Dies war im Dezember 2009 ohne Rücksprache mit den Mitgliedern der Bezirks-vertretungen in einem Beschlussvorgang des Rates pauschal erfolgt, alle Bezirksvertretungen gleichermaßen betreffend und ohne Möglichkeit einer Differenzierung im Sinne eines Votums jedes einzelnen lokalen Gremiums.
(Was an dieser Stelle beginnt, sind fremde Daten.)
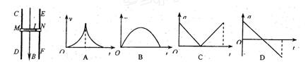 2、选择题 如图所示,在 竖直向下的匀强磁场中有两根竖直放置的平行粗糙导轨CD、EF,导轨上放有一金属棒MN。现从t=0时刻起,给棒通以图示方向的电流且电流强度与时间成正比,即d=kt,其中k为常量,金属棒与导轨始终垂直且接触良好。下列关于棒的速度V、加速度a随时间t变化的关系图象,可能正确的是(?)
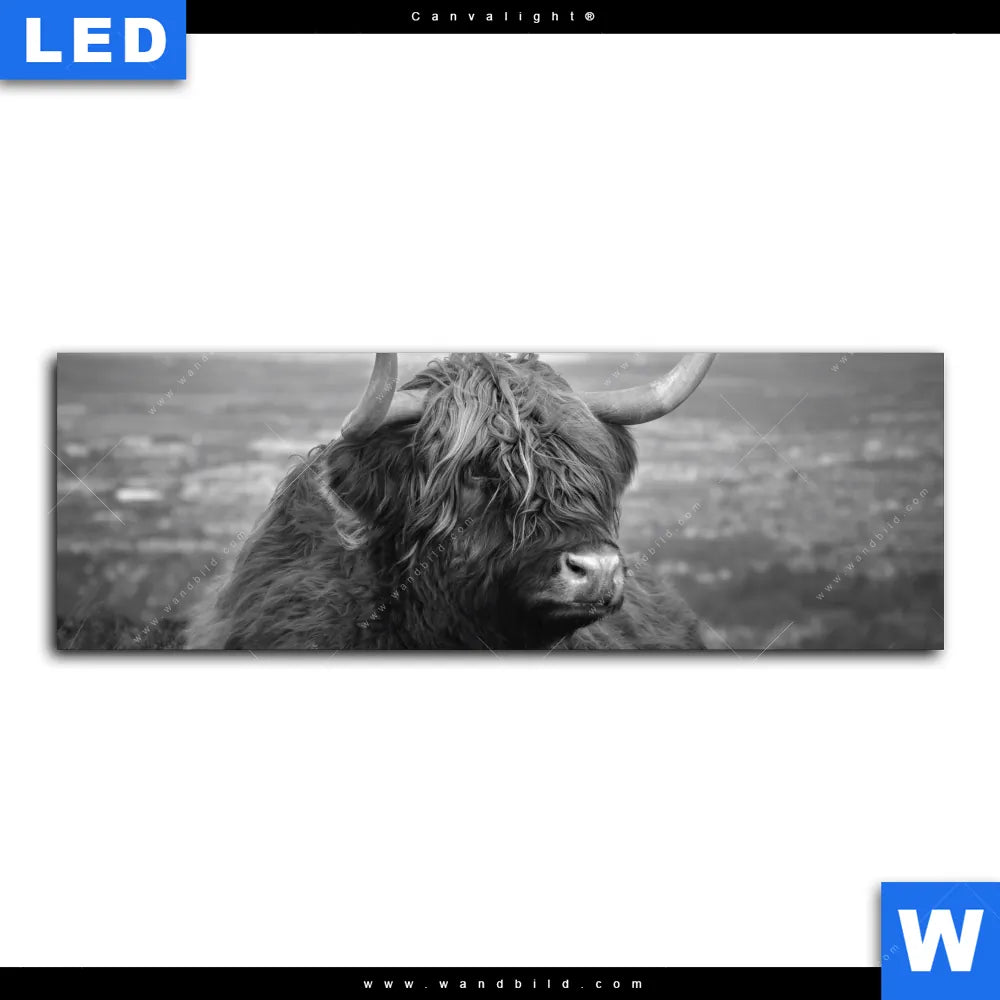 Canvalight® Leuchtbild | Hochland-Rind Schwarz-Weiß No. 2 | Panorama

Bündnis 90/Die Grünen in Mengede standen und stehen für eine Wahlwiederholung unter der Prämisse, den WählerInnen eine faire Möglichkeit zur politischen Willensbildung zu geben vor dem Hintergrund der dramatischen Haushaltslage der Stadt Dortmund und damit dem erfolgten Vertrauensverlust in die Politik zumindest ein Stück weit entgegen zu wirken.
Mit der Einreichung von Klagen gegen die Wahlwiederholung durch Mitglieder des Rats und in den übrigen elf Bezirksvertretungen hat sich für den Stadtbezirk Mengede jedoch eine "Insellage" ergeben, die in ihren Facetten bislang nicht gänzlich fassbar ist. Allein die Bezirksvertretung Mengede würde mit Ablaufen der Klagefrist Mitte Januar aufgelöst. Die gewählten Vertreterinnen verlören ihr Mandat. Eine politische Entscheidungsfindung vor Ort wäre nicht mehr möglich. Ein Entscheidungsvakuum auf unbestimmte Zeit würde entstehen. Nach Aussagen verschiedener Verwaltungs-rechtler sei mit einer juristischen Entscheidung über die Zulassung der Klage und die Rechtmäßigkeit der Wahlwiederholung selbst sowie der dann möglichen Neuwahl erst in mehreren Monaten zu rechnen. Eine Interimsregelung für dringende Entscheidungen läge in den Händen der Bezirksverwaltung sowie auf Seiten der Ratsvertreter aus dem Stadtbezirk. Eine politische Handlungsfähigkeit im Sinne des Wohls der Bevölkerung sowie der spezifischen Belange und Bedürfnisse im Stadtbezirk Mengede wäre nicht mehr gegeben.
Die politische Arbeit im Rat der Stadt und in den übrigen 11 Bezirksvertretungen hingegen kann so lange weiter gehen, bis über eine Wahlwiederholung juristisch entschieden ist. Angesichts der Präzedenz des Vorgangs wird über eine mehrjährige juristische Klärungsphase spekuliert.
Bündnis 90/Die Grünen möchten für Mengede diese "Insellage" nicht riskieren. Der Erhalt der politischen Handlungsfähigkeit steht im Zentrum der Überlegungen. Angesichts der dramatischen Haushaltslage der Stadt Dortmund erscheint es unverzichtbar, sich für die Belange im Stadtbezirk einzusetzen und im Verteilungs-kampf um notwendige Mittel das Fähnchen hoch zu halten. Es kann nicht sein, dass Mengede im Rahmen der anstehenden Haushaltsverhandlungen leer ausgeht!
Bereits geplante Projekte würden auf Eis gelegt, weil notwendige Beschlüsse nicht gefasst werden können. Im Zuge der Haushaltskürzungen soll die Bezirksvertretung ihr Mitspracherecht einsetzen können, um Prioritäten durch zu setzen. Wir wollen nicht, dass Mengede an die Wand gefahren wird. Die politische Begleitung zahlreicher Großprojekte im Stadtbezirk bleibt nach wie vor unerlässlich. Die kontinuier-liche Beobachtung sozialer Entwicklungen soll durch kurzfristige politische Intervention Erosionsprozesse vermeiden helfen. Dramatische Entwicklungen im Mietwohnungsbereich lassen eine Verschleppung geplanter politischer Beschlüsse nicht zu.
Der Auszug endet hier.